Let $f(x)=\left\{\begin{array}{cc}(x-1) \sin \left(\frac{1}{x-1}\right), & \text { if } x \neq 1 \\ 0, & \text { if } x=1\end{array}\right.$ Then, which one of the following is true?

f is differentiable at x = 0 but not at x = 1

We observe that

$\lim\limits_{x \rightarrow 1} \frac{f(x)-f(1)}{x-1}$

$=\lim\limits_{x \rightarrow 1} \frac{(x-1) \sin \left(\frac{1}{x-1}\right)}{x-1}=\lim\limits_{x \rightarrow 1} \sin \left(\frac{1}{x-1}\right)$

= An oscillating number between -1 and 1.

∴  $\lim\limits_{x \rightarrow 1} \frac{f(x)-f(1)}{x-1}$ does not exist.

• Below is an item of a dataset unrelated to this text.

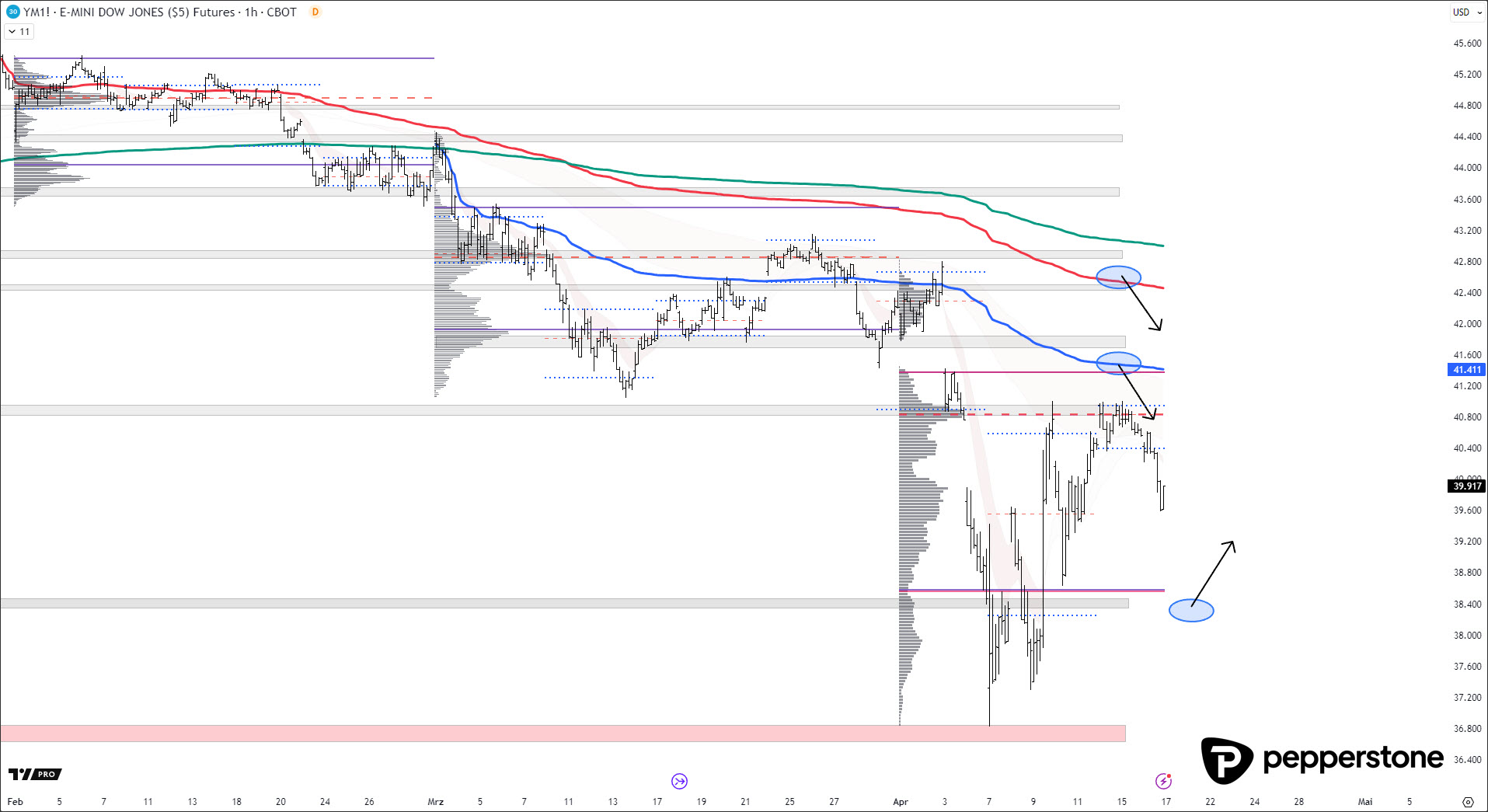 DOW JONES PROGNOSE: Die untere AVWAP wurde angelaufen, der Markt drehte auch hier planbar (eng stoppbar) und vollzog damit das Setup punktgenau. Weitere Zonen sind eingezeichnet.

⇒ f(x) is not differentiable at x = 1.

and, $\lim\limits_{x \rightarrow 0} \frac{f(x)-f(0)}{x-0}$

$=\lim\limits_{x \rightarrow 0} \frac{(x-1) \sin \left(\frac{1}{x-1}\right)-\sin 1}{x}$

$= \lim\limits_{x \rightarrow 0} \frac{x \sin \left(\frac{1}{x-1}\right)}{x}-\lim\limits_{x \rightarrow 0} \frac{\sin \left(\frac{1}{x-1}\right)+\sin 1}{x}$

$= -\sin 1-\lim\limits_{x \rightarrow 0} \frac{2 \sin \frac{x}{2(x-1)} \cos \left\{\frac{2-x}{2(x-1)}\right\}}{\left\{\frac{x}{2(x-1)}\right\} 2(x-1)}$

= - sin 1 + cos 1

⇒ f(x) is differentiable at x = 0.